Issue (i): Whether Rule 4(A) of the Central Civil Services (Conduct) Rules, 1955 was valid in so far as it prohibited demonstrations and strikes by Government servants.
Analysis: The provision was examined in the light of the rights guaranteed by Article 19(1)(a) and Article 19(1)(b) of the Constitution of India. A total prohibition on demonstrations was held to infringe those freedoms, while a prohibition on strikes was distinguished because there is no fundamental right to resort to a strike. The validity of the rule therefore depended on separating the two parts of the restriction.
Conclusion: Rule 4(A) was invalid to the extent that it prohibited demonstrations, but it remained valid insofar as it prohibited strikes.
Issue (ii): Whether Rule 4(B) of the Central Civil Services (Conduct) Rules, 1955 was valid in so far as it required Government servants to cease membership of an unrecognized or de-recognized service association.

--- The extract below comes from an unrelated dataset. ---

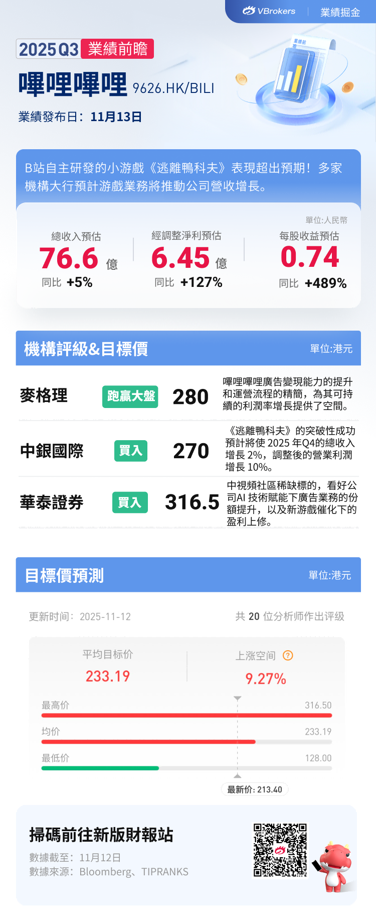 直播预告:哔哩哔哩 (09626.HK,BILI.US) 2025年第三季度业绩电话会 | 11.13 20:00

Analysis: The rule was tested against Article 19(1)(c) of the Constitution of India and the saving provision in Article 19(4). The restriction was held not to be saved because the connection between recognition or withdrawal of recognition of an association and public order was neither proximate nor direct. The conditions governing recognition could operate on grounds unrelated to public order, making the restriction excessive and destructive of the right to form associations.
Conclusion: Rule 4(B) was invalid.
Issue (iii): Whether departmental proceedings founded on charges based on the invalid part of Rule 4(A) could be sustained.
Analysis: The charges against the respondent were based on participation in demonstrations and preparation for a strike, and not on participation in a strike as such. Since the charge rested on the part of Rule 4(A) that was held invalid, the proceedings could not survive. The invalidity of that part of the rule necessarily undermined the departmental action founded upon it.
Conclusion: The departmental proceedings based on that charge were unsustainable and had to be quashed.
Final Conclusion: The challenge to Rule 4(B) succeeded, the challenge to Rule 4(A) succeeded only in part, and the disciplinary proceedings based on the invalid portion of Rule 4(A) could not stand.
Ratio Decidendi: A restriction on the constitutional right to form associations must have a real, proximate and direct relation to public order to be saved by Article 19(4), and a departmental charge founded exclusively on an invalid portion of a service rule cannot sustain disciplinary proceedings.